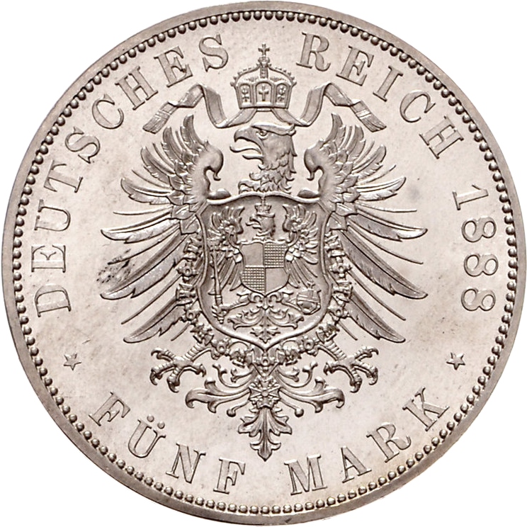 5 марок — Вільгельм II 1888 – 1888 Пруссія, Королівство
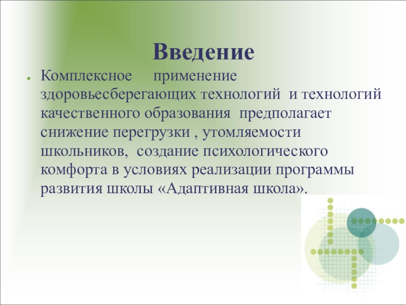 снижение перегрузки , утомляемости школьников, создание психологического комфорта в условиях реализации программы развития школы «Адаптивная школа».
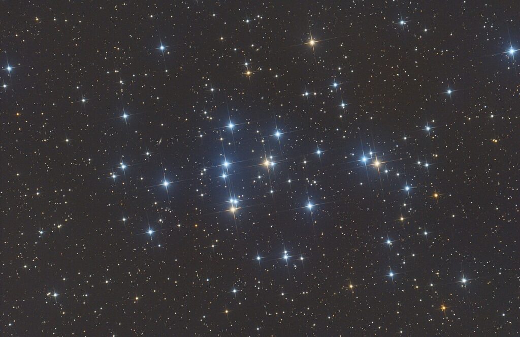 [[File:M44 47x300s-10°C O30 G0 PM RGB 03032022.jpg|thumb|upright=1.4|[[Messier 44]], a cluster in the [[constellation]] of [[Cancer (constellation)|Cancer]]]]
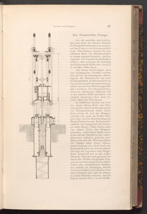 In demfelben fteckte ein zweites, unten offenes Rohr, der Pumpencylinder. Die Urfache nun, warum der Brunnenfchacht durch diefes Rohr erfetzt ift und der Pumpencylinder alfo ganz im Waffer fteht, geht klar aus der Befchreibung von Herrn Prunier hervor. Er betrachtet nämlich das Sauggebiet der Pumpe als einen Kegel, deffen Spitze eben das untere Ende des Brunnenfchachtes, deffen Bafis durch einen Kreis auf der Oberfläche der wafferführenden Schichte gebildet wird. Mehr wird fich die Wirkungsfphäre der Pumpe einer Kugel nähern, deren Centrum das offene Ende des Brunnenfchachtes ift. Selbftverftändlich legt der Ingenieur diefe Kegelfpitze möglichft tief in die wafferführende Schichte und gewinnt hiedurch ftets Waffer von gleicher Temperatur, welches weiters keine fchädlichen oder unfchädlichen Subftanzen enthält, als diejenigen, welche das Grundwafferjener Schichte eben führt. Dadurch nun, dafs die Pumpe in jenem Schachte arbeitet, der mit feinem unteren Ende in die Waffer.
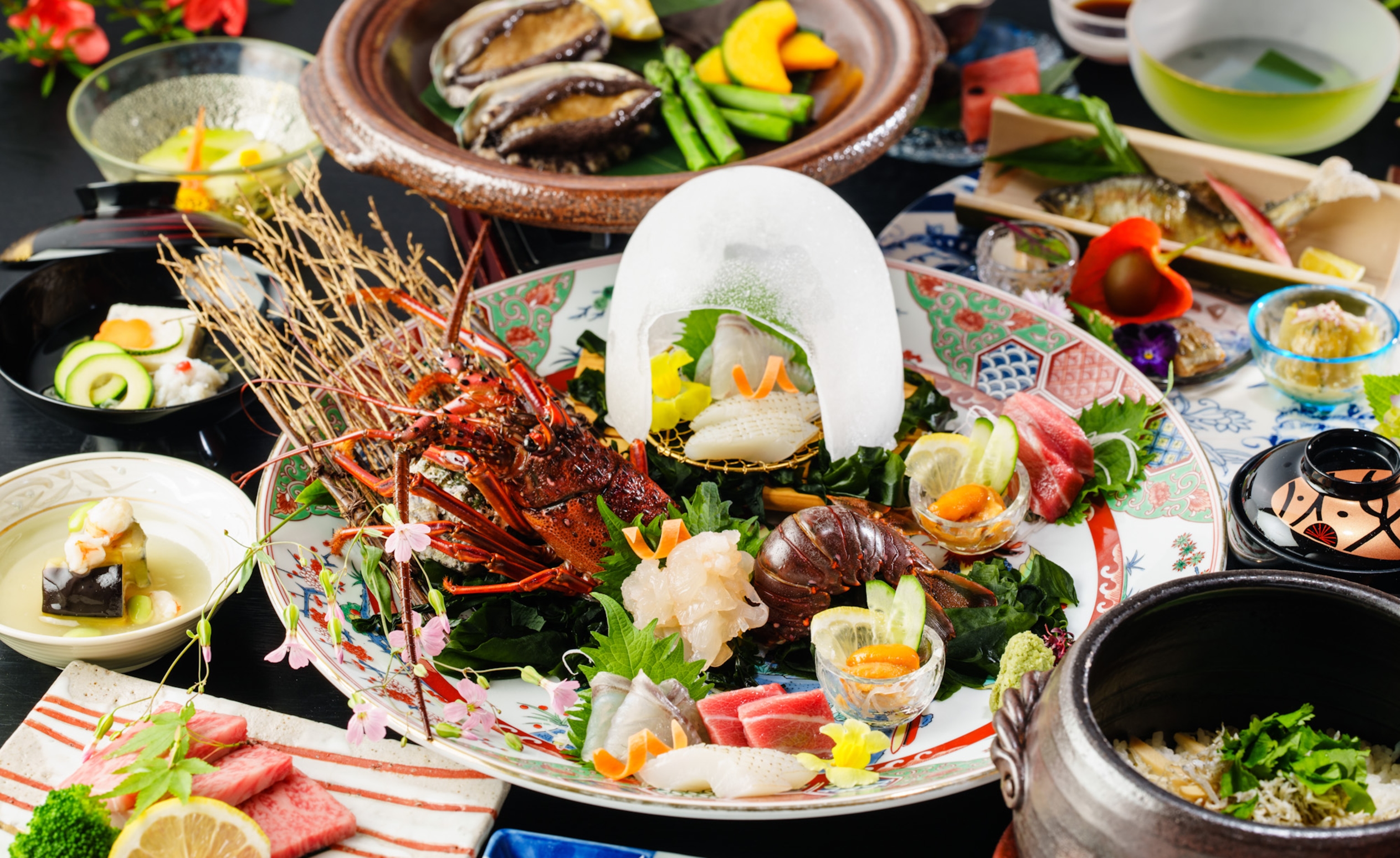 お食事は、湯郷温泉ならではの、山の幸と海の幸ををふんだんに織り込み完成させた会席料理を中心に、健康食料理や薬酒といったオリジナル献立をご用意!
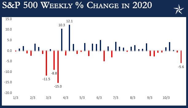 We devoted a good section of October’s Timely Topics to help educate clients about selling out of fear. Why? From conversations with clients, we could hear fear on the horizon. Between rising COVID cases around the country, pending election, and lackluster reactions to solid earnings reports, there were more than a few concerns on the minds of investors heading into the last two months of the year. Fast forwarding a few weeks, the S&P 500 finished the last week of October with a decline of 5.6% for the week. As visible from the following chart, this week ranked as the worst week since March and the fourth-worst week of the year.
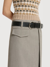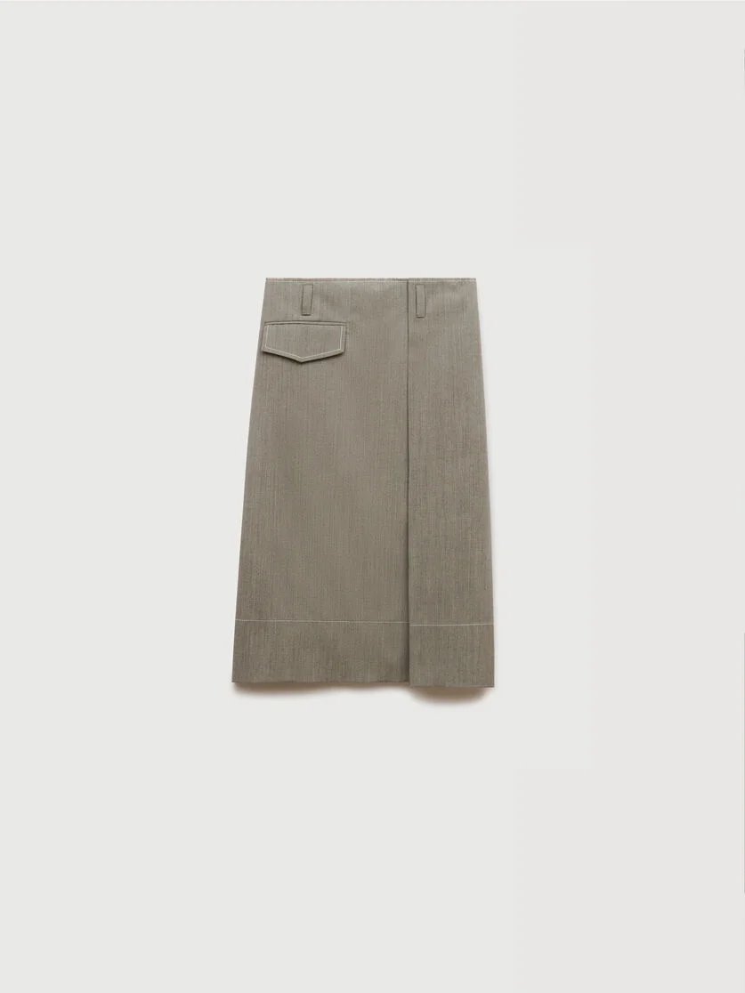 GRAY WOOL MIDI SKIRT WITH POCKET
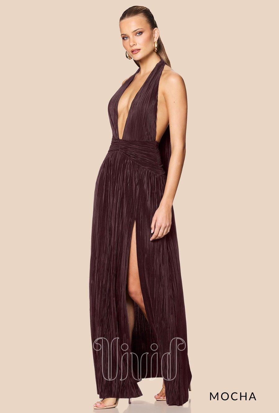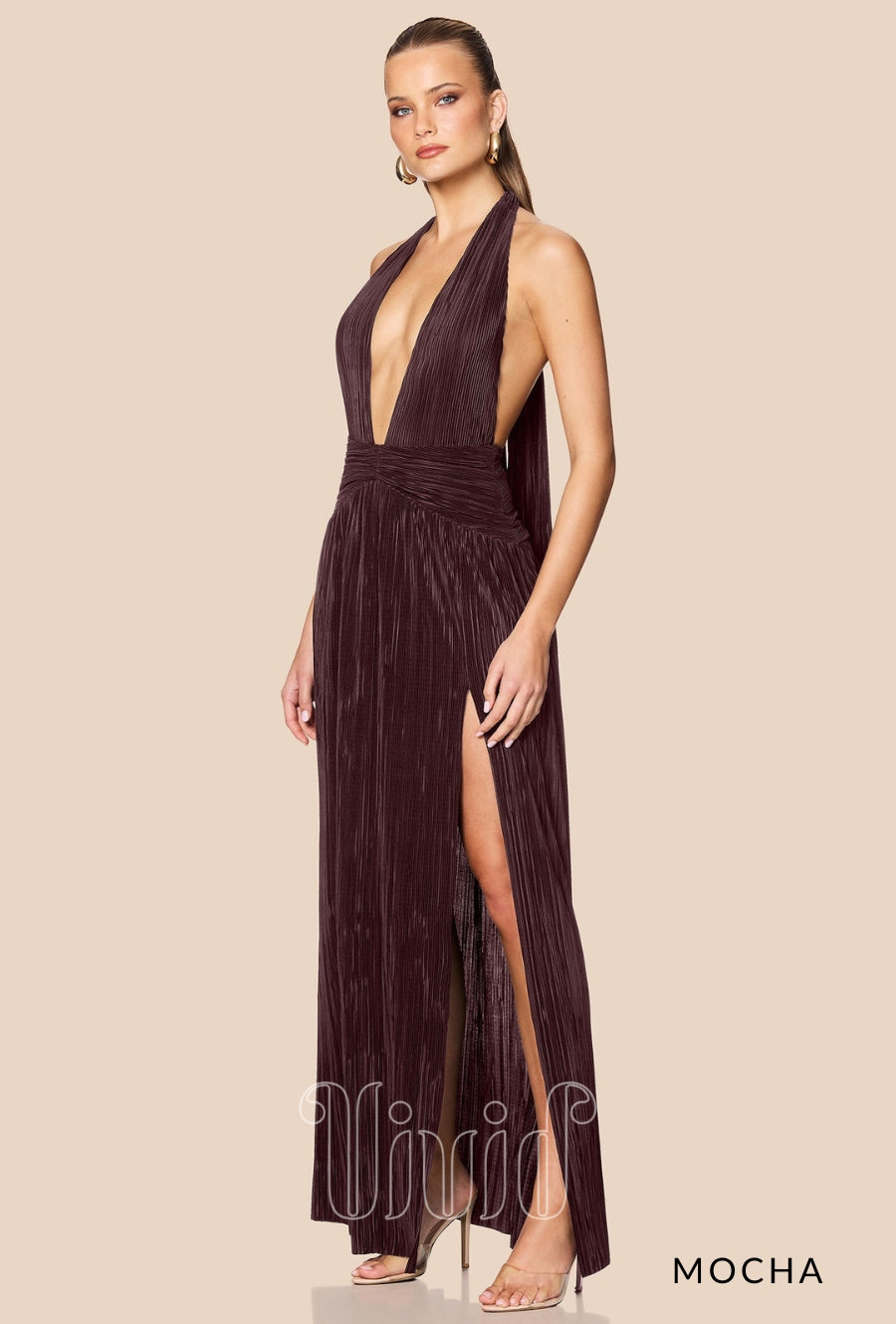 This incredible halter maxi is crafted from a soft pleated jersey and features an ultra low neckline, snatched waist and thigh high front side split. The dress also features an adjustable halter tie, invisible zip at back waist and a lined bodice. PROUDLY DESIGNED AND MADE IN AUSTRALIA.
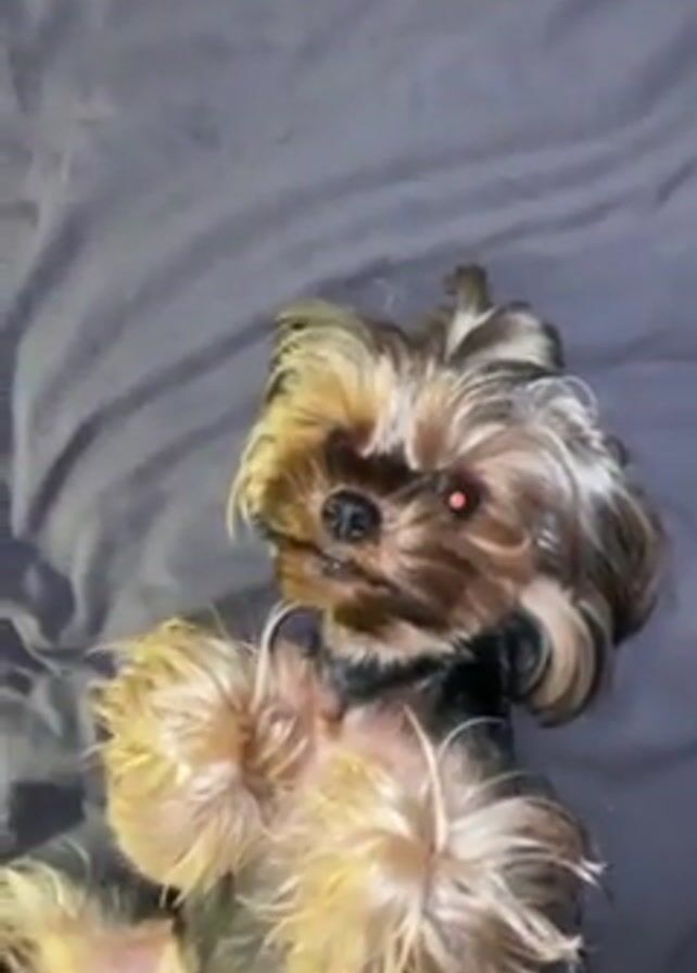 A small, long-haired dog with tan and black fur is lying on its back on a grey blanket. The dog is wearing a black collar and has its paws curled up towards its chest. It is looking towards the top right of the frame. One of its eyes appears red in the video.
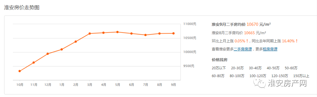 疫情后,房价尤其是二手房涨幅的波动较大,从安居客上得数据来看,淮安9月开头房均价10670元/m²,8月二手房均价10665元/m²,环比上月上涨了0.05%,同比去年同期上涨16.40%,总体上与上个月较为接近。
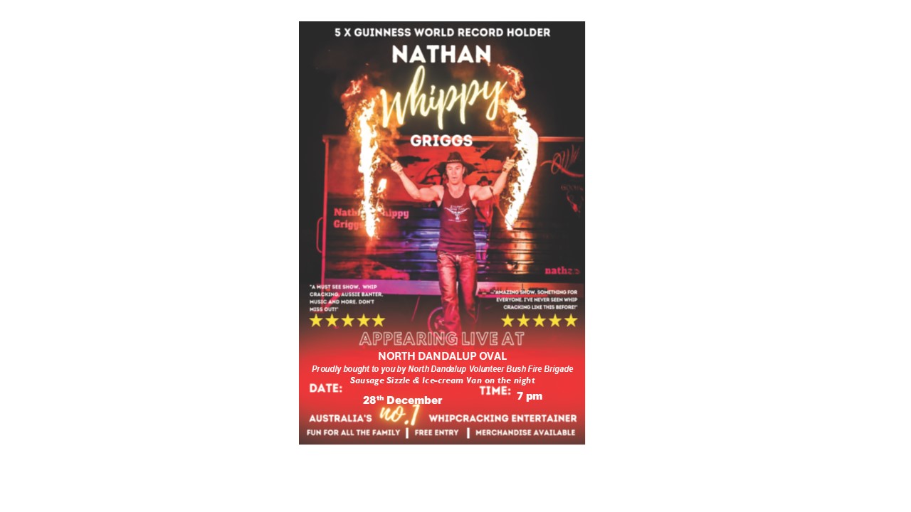 North Dandalup Volunteer Bush Fire Brigade brings Nathan Whippy Griggs to town. Bring a blanket and come down early prior to the show, enjoy a sausage sizzle cooked by the brigade or enjoy a Conesncoffee treat, a state of the art soft serve van ready to serve delicious ice cream and quality coffee.
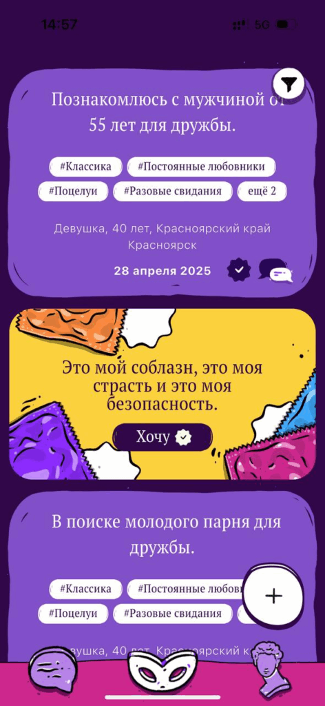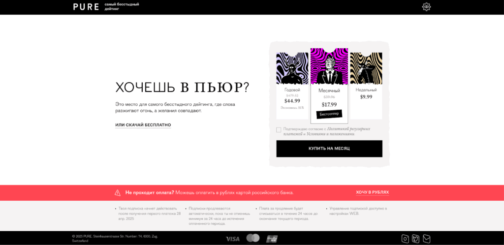 Pure ориентирован на тех, кто хочет анонимности и ясности намерений. Здесь нет долгих переписок: цель встречи указывается сразу. Уникальная особенность Pure — анкеты исчезают через сутки, а значит, нет истории сообщений и лишних следов. Среди популярных сайтов знакомств в Красноярске Pure занимает особое место за счёт приватности. Женщины могут пользоваться сервисом бесплатно, а для мужчин подписка обойдётся от 499 рублей в неделю. Стоимость немаленькая, но за приватность приходится платить.
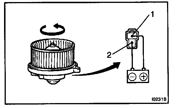 Connect the positive (+) lead from the battery to terminal 1 and the negative (-) lead to terminal 2, then check that the motor operations smoothly.
------------------------
Write out the lines from the start of the material to the line with "[[File:M44 47x300s-10°C O30", inclusive and exactly. Skip the pictures.

* Output of the exercise:
 5 марок — Вільгельм II 1888 – 1888 Пруссія, Королівство
 снижение перегрузки , утомляемости школьников, создание психологического комфорта в условиях реализации программы развития школы «Адаптивная школа».
 [[File:M44 47x300s-10°C O30 G0 PM RGB 03032022.jpg|thumb|upright=1.4|[[Messier 44]], a cluster in the [[constellation]] of [[Cancer (constellation)|Cancer]]]]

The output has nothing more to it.